EUS is an essential part of a comprehensive staging workup for esophageal cancer and, when used appropriately in conjunction with CT and/or PET scan, is generally considered the most accurate tool for staging [31
]. Further, one of the most important parts of EUS in staging esophageal cancer is to ascertain the presence of celiac node involvement [32
]. The echoendoscope needs to be able to pass the malignant stricture in order to provide celiac node assessment. The need for dilating a malignant stricture in order to pass the echoendoscope is reported to be 10–38% [1
]. This emphasizes the importance of dilation in completing accurate and comprehensive EUS staging that includes celiac node assessment. Without dilation, these are patients that would have suboptimal staging, which in turn can negatively affect treatment decisions.
Early studies concluded that dilating malignant strictures for the purposes of EUS staging of esophageal cancer was dangerous, leading to unacceptably high rates of perforation [1
]. More recent studies have refuted this and confirmed that dilating with smaller diameter Savary or through-the-scope dilators, one can safely dilate malignant esophageal strictures in order to complete EUS staging [2
These previous safety studies focused on perforation rates in dilating malignant esophageal strictures. No studies to date report any relationship between dilating malignant strictures and the subsequent development of metastases. It is well established that dilating esophageal strictures carries a relatively high rate of transient bacteremia [27
], presumably through the breakdown of tissue planes allowing direct seeding of bacteria into the blood stream. One could postulate that a similar mechanism could lead to cancer cells seeding the bloodstream during dilation of a malignant stricture, but there are no data to support this theory. This theory was considered at our institution because of the observation of the rapid development of metastases in unusual locations for a number of patients who had dilation of their malignant strictures for EUS staging as part of their otherwise negative pretreatment staging. Besides the analogy to bacteremia during dilation as stated above, the possibility of malignant spread may also be supported by reports of iatrogenic periprocedural spread of tumor cells being well described in other procedures, including seeding needle tracts in breast biopsies [12
], diagnostic and therapeutic procedures for hepatocellular carcinoma [15
], cutaneous seeding in laparoscopic cholecystectomy [18
], and seeding tracts with FNA in pancreatic, esophageal, and thyroid lesions [22
Malignant cells have been noted in the blood stream after various invasive procedures. Prostate cells, both benign and malignant, have been isolated in the circulation following transrectal prostate biopsy and transurethral resection of the prostate [33
]. Furthermore, iatrogenic periprocedural spread of tumor cells directly into the bloodstream has been documented following percutaneous ethanol injection and transarterial chemoembolization in primary liver cancer [34
We did find that among all patients (not matched for similar stage at the time of EUS), those who required dilation had a trend towards an overall higher rate of metastases at any time during followup (71% versus 46%) (). However, this is not completely unexpected as those patients with higher-grade strictures who required dilation generally have more advanced disease [1
], and therefore the need for dilation may be a marker for more advanced or aggressive disease. Thus, these patients may be more likely to develop metastases at an earlier time regardless of dilation.
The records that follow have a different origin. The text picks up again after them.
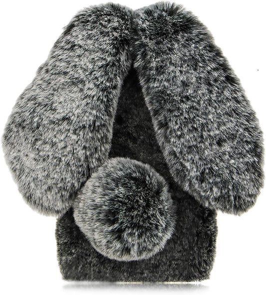 LCHDA Kaninchen-Hülle für Oneplus Nord N200 5G, niedliche 3D-Hasenohren, weich, pelzig, Haarball, flauschig, warm, Winter, Kunstfell, Plüsch, flauschig, flexibler TPU-Stoßfänger, Damen und Mädchen, schützende Hauthülle – Schwarz
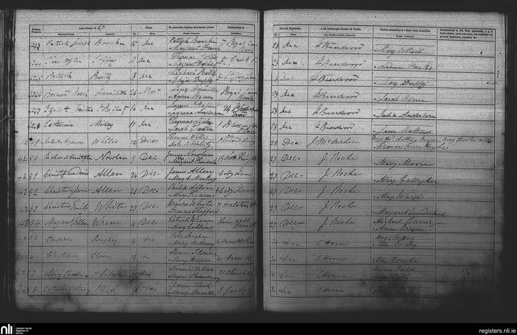 St. Michan's, Dublin city; County of Dublin; Archdiocese of Dublin. Baptisms, Dec. 1867
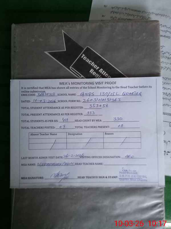 | EMIS Code: 36430313 | Name of School: GMPS 130/15-L QUARTER, MIAN CHANNU | |||
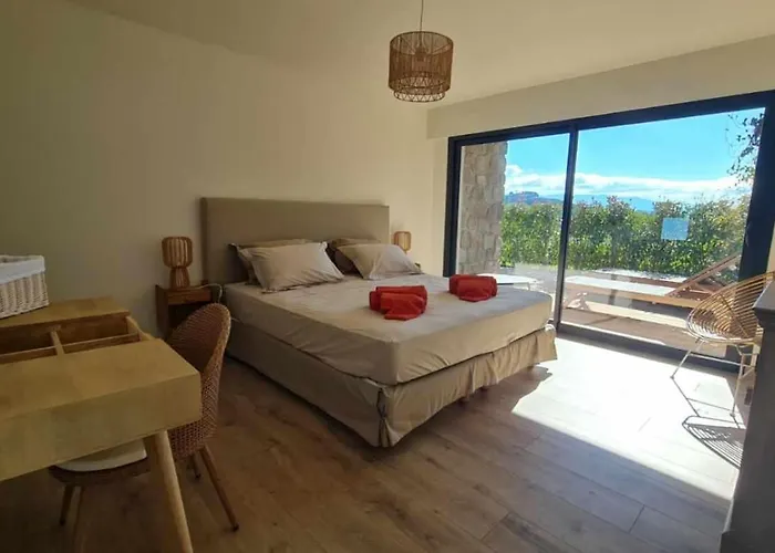 Die 2-Zimmer-Proche Porticcio, Coup De Coeur Asure,Appartement De Standing, Rez De Villa 6 Couchages, Climatise A 150M De La Plage, Terrains De Tennis Grosseto-Prugna empfängt die Gäste am Strand von Grosseto-Prugna, rund 6 km vom Place Foch entfernt. Genießen Sie Ihren Aufenthalt auf einer Terrasse, von der aus Sie einen Küsten- Blick aufs Meer haben.
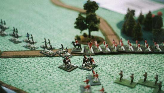 Travis later faced the troops he was moving to their left (right in the photo) to guard against four stands of Patriot cavalry that showed up in the corner of the table (where the opened gray box is in this photo.) These mounted troops kept two British regiments in line awaiting a cavalry assault that never came.
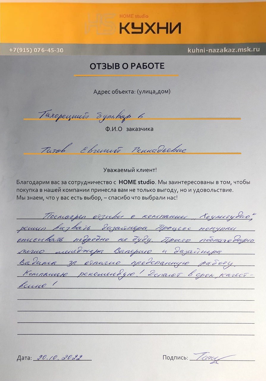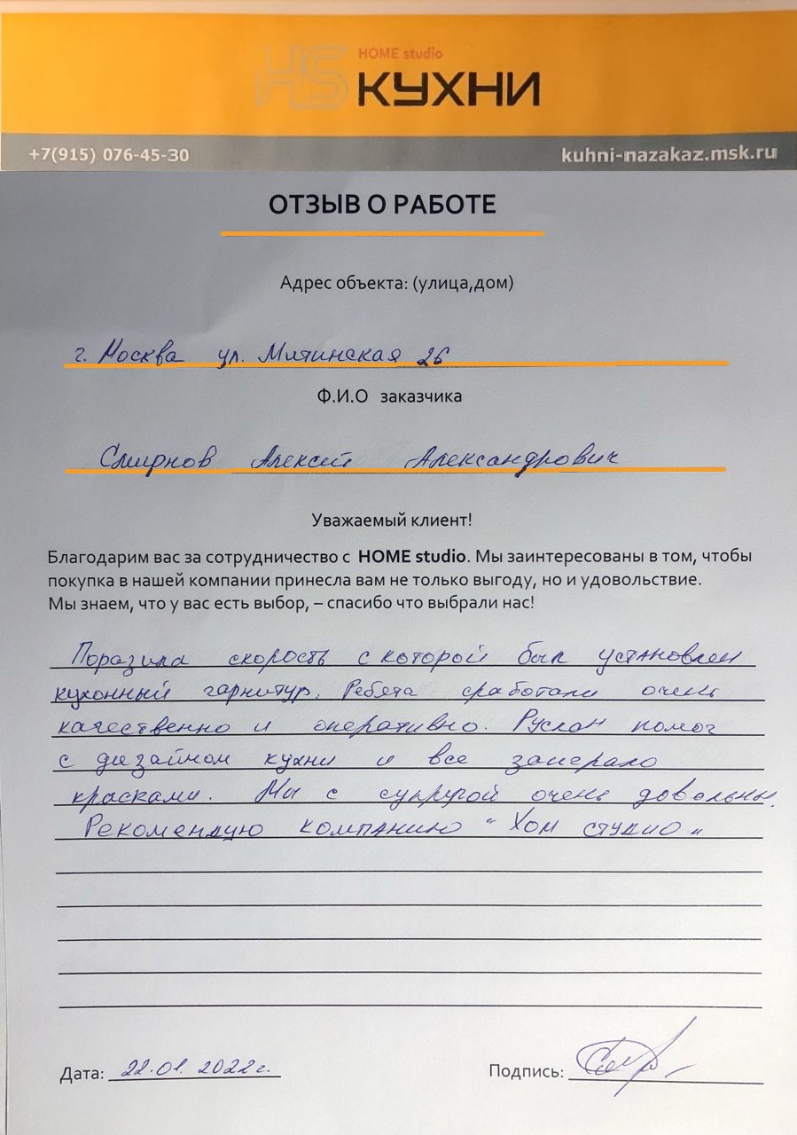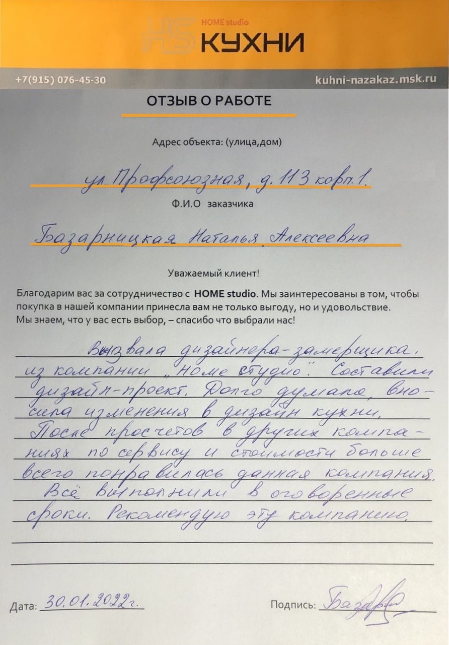 Вызвали дизайнера консультанта к нам домой, была удивлена большим выбором материалов по кухне и шкафам, после долгих согласований с мужем выбрали нужные цвета, как и обещали срок изготовления кухни составил две недели, привезли все вовремя, но мы ещё не успели доделать ремонт, монтаж начали через три недели, выполнили все качественно, нам очень нравится.

Because of this observation, we evaluated patients in the dilated and nondilated groups to match those with similar staging—locally advanced disease. When these groups were analyzed, we saw no difference in the rates of metastases at any time interval studied (). Furthermore, there is no distinct pattern of metastatic spread unique to either group, and no distinct pattern of location of metastases based on the time frame they were detected. There is also no difference in the median time to detection of metastases in either group ().
Survival data show a nonsignificant trend towards lower survival in the dilated group when we look at all patients regardless of initial staging. A similar nonsignificant trend is also seen among those without distant metastases at initial staging. However, when the dilated and nondilated groups were matched for similar initial staging, locally advanced disease, five-year survival rates were similar.
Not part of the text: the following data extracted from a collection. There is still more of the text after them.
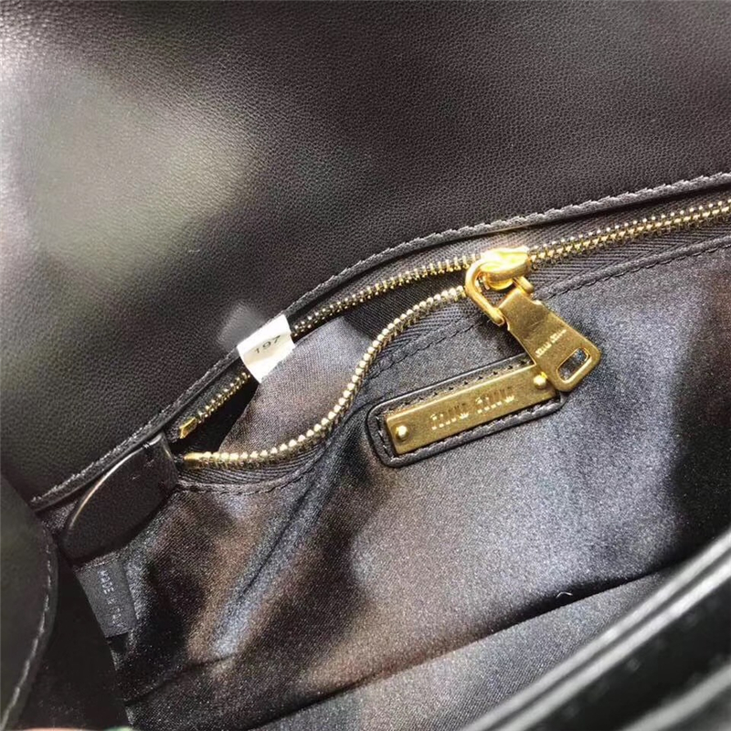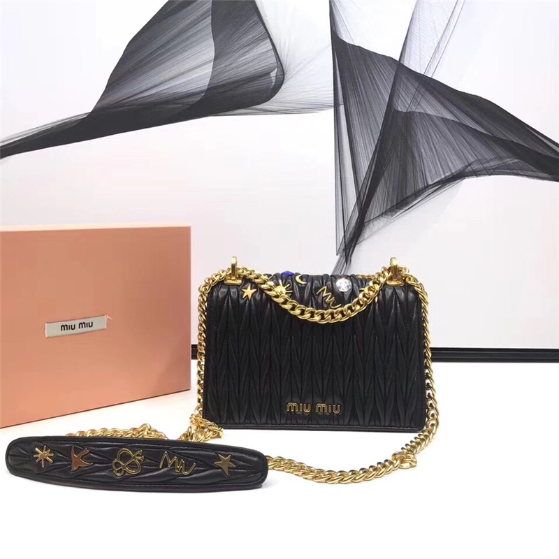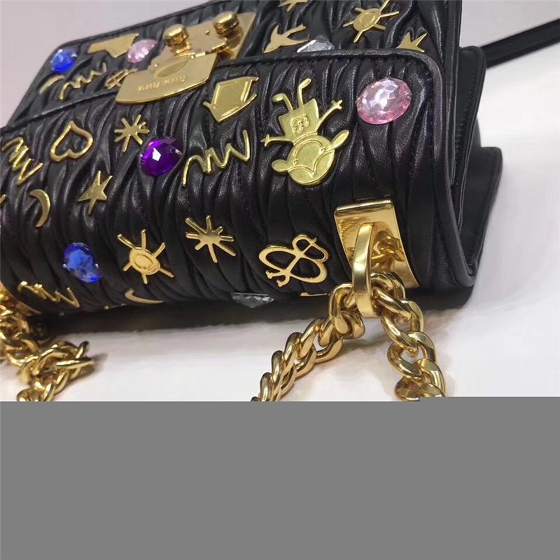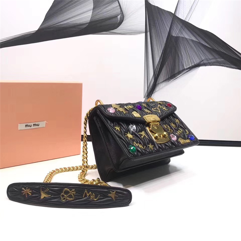 5BD081 MIUMIU专柜新款 褶皱小羊皮 贴花贴饰 按锁翻盖小方包 黑色
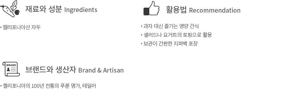 100년 전통의 푸룬 명가, 테일러가 선보이는 건 푸룬을 만나보세요. 당도 높고 큼지막한 자두의 씨를 제거하고 알맞게 말렸어요. 덕분에 특유의 맛과 영양을 그대로 간직하고 있지요. 하나씩 꺼내 쫀득한 식감과 달콤함을 맛보세요. 그대로 하나씩 드셔도 좋고, 샐러나 요거트의 토핑으로 올려도 참 잘 어울릴 거예요.
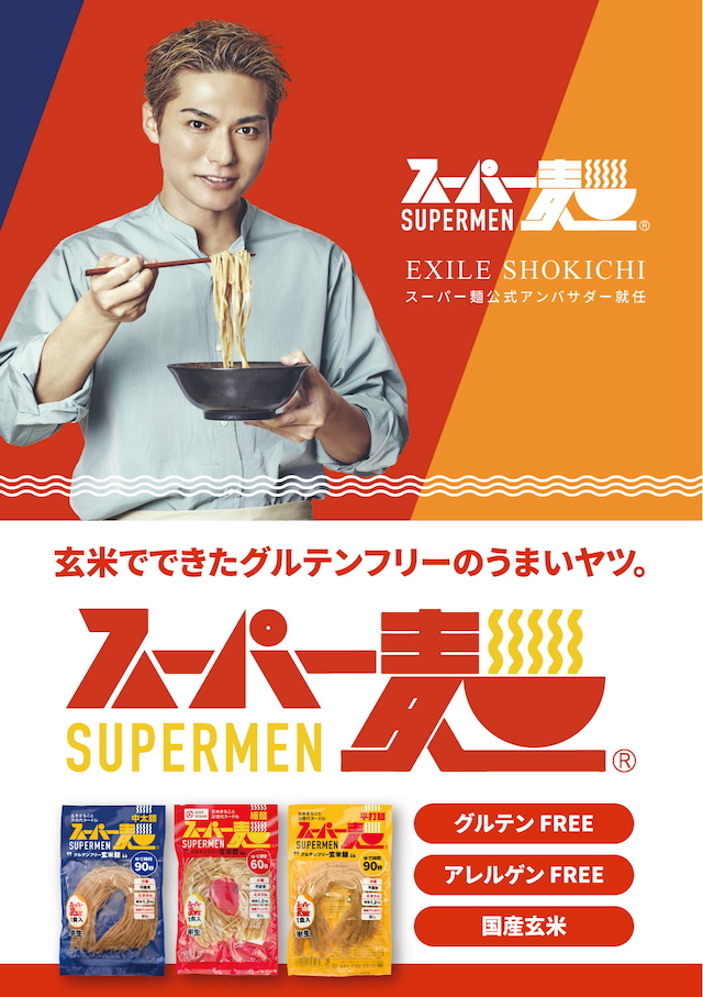 EXILE SHOKICHI(EXILE/EXILE THE SECOND)が、グルテンフリーヌードル『スーパー麺』の公式アンバサダーに就任。渋谷にて開催されたアンバサダー発表記者会見に出席した。

The possibility remains that dilation results in seeding the bloodstream and metastatic spread of disease in a small number of cases. However, this theory has not been proven in any previous model or study in this particular clinical setting. While limited by the total number of patients, our study appears to refute that dilation of malignant strictures leads to increased rates of metastases. A more likely explanation is simply that the cases of early metastases in each group represent metastases that were present but not detectable at the time of initial staging.
Our study was limited by a small sample size, retrospective nature of the study, and being a single-center experience. The small sample size makes it difficult to draw any definitive conclusions; however, our study provides valuable information about the natural progression of metastases in patients who undergo EUS for staging of esophageal cancer.
EUS provides the most accurate locoregional staging for esophageal cancer, and dilation may often be necessary to complete EUS staging. Dilating malignant strictures in order to complete EUS staging does not clearly lead to a higher rate of metastases.